**** Information given ****

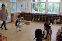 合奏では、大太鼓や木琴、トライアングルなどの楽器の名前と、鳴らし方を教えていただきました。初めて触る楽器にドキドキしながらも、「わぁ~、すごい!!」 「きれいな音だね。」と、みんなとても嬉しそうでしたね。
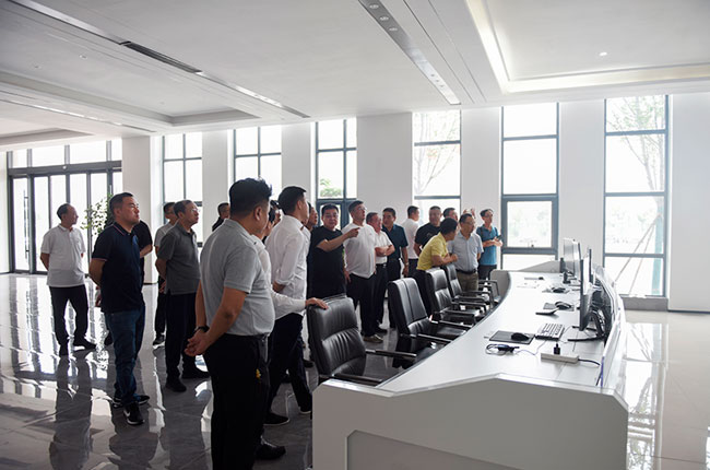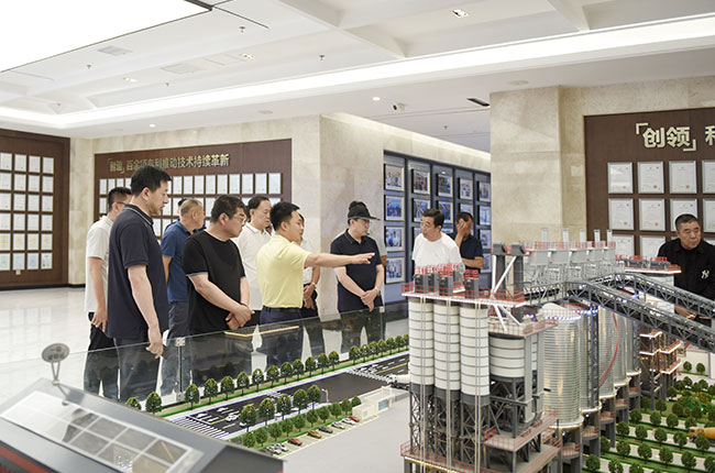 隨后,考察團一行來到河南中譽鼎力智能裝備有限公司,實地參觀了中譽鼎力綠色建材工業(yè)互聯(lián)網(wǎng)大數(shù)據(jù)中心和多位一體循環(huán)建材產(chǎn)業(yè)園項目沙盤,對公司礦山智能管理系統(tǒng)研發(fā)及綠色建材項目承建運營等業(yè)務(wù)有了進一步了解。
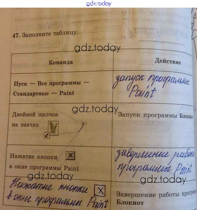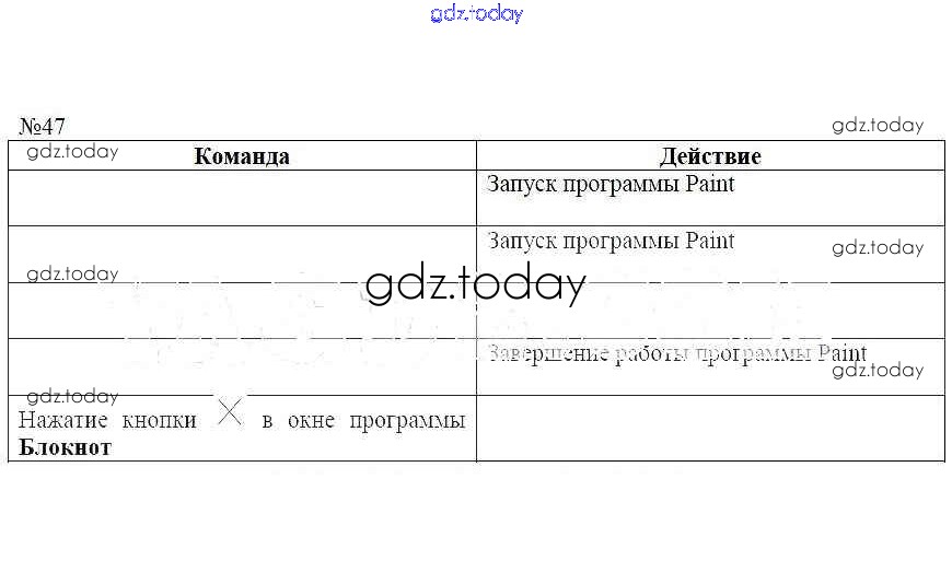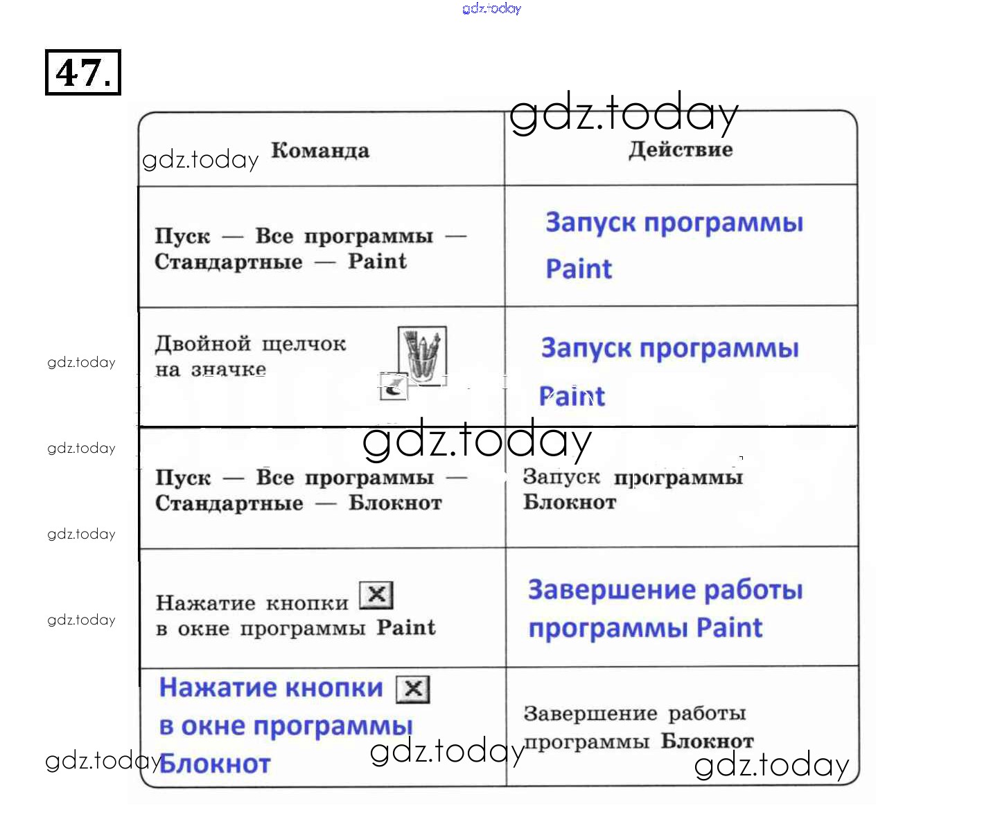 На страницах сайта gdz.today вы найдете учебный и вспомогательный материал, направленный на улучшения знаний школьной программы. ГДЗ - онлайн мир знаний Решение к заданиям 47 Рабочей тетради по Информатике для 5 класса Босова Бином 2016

****
**** Information given ****

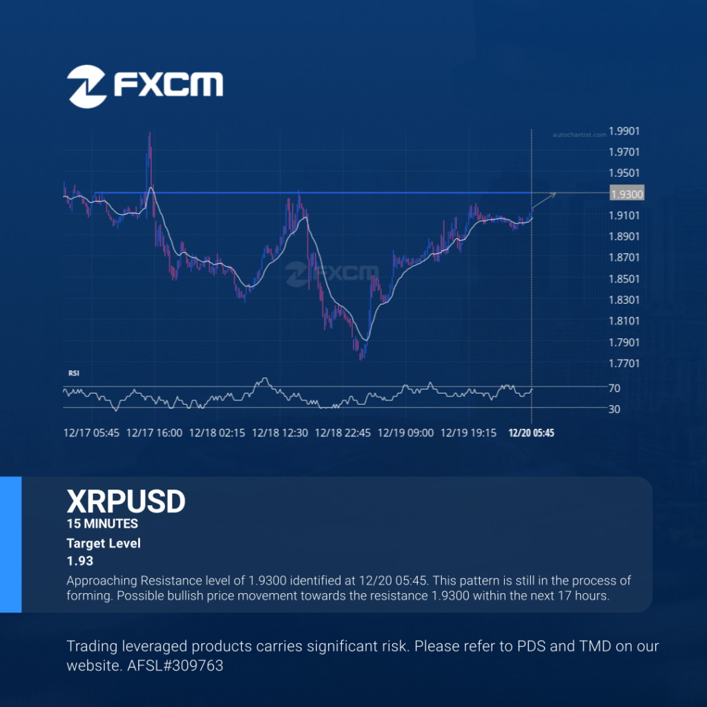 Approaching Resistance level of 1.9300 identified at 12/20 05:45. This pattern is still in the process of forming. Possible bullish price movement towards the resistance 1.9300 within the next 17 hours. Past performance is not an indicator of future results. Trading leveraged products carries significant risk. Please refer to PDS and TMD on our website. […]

****

* [Activity] Reproduce the entries exactly, from the line with "合奏では、大太鼓や木琴、トラ" to the line with "На страницах сайта", both lines included, keeping no pictures.

* [Solved problem]
 合奏では、大太鼓や木琴、トライアングルなどの楽器の名前と、鳴らし方を教えていただきました。初めて触る楽器にドキドキしながらも、「わぁ~、すごい!!」 「きれいな音だね。」と、みんなとても嬉しそうでしたね。
 隨后,考察團一行來到河南中譽鼎力智能裝備有限公司,實地參觀了中譽鼎力綠色建材工業(yè)互聯(lián)網(wǎng)大數(shù)據(jù)中心和多位一體循環(huán)建材產(chǎn)業(yè)園項目沙盤,對公司礦山智能管理系統(tǒng)研發(fā)及綠色建材項目承建運營等業(yè)務(wù)有了進一步了解。
 На страницах сайта gdz.today вы найдете учебный и вспомогательный материал, направленный на улучшения знаний школьной программы. ГДЗ - онлайн мир знаний Решение к заданиям 47 Рабочей тетради по Информатике для 5 класса Босова Бином 2016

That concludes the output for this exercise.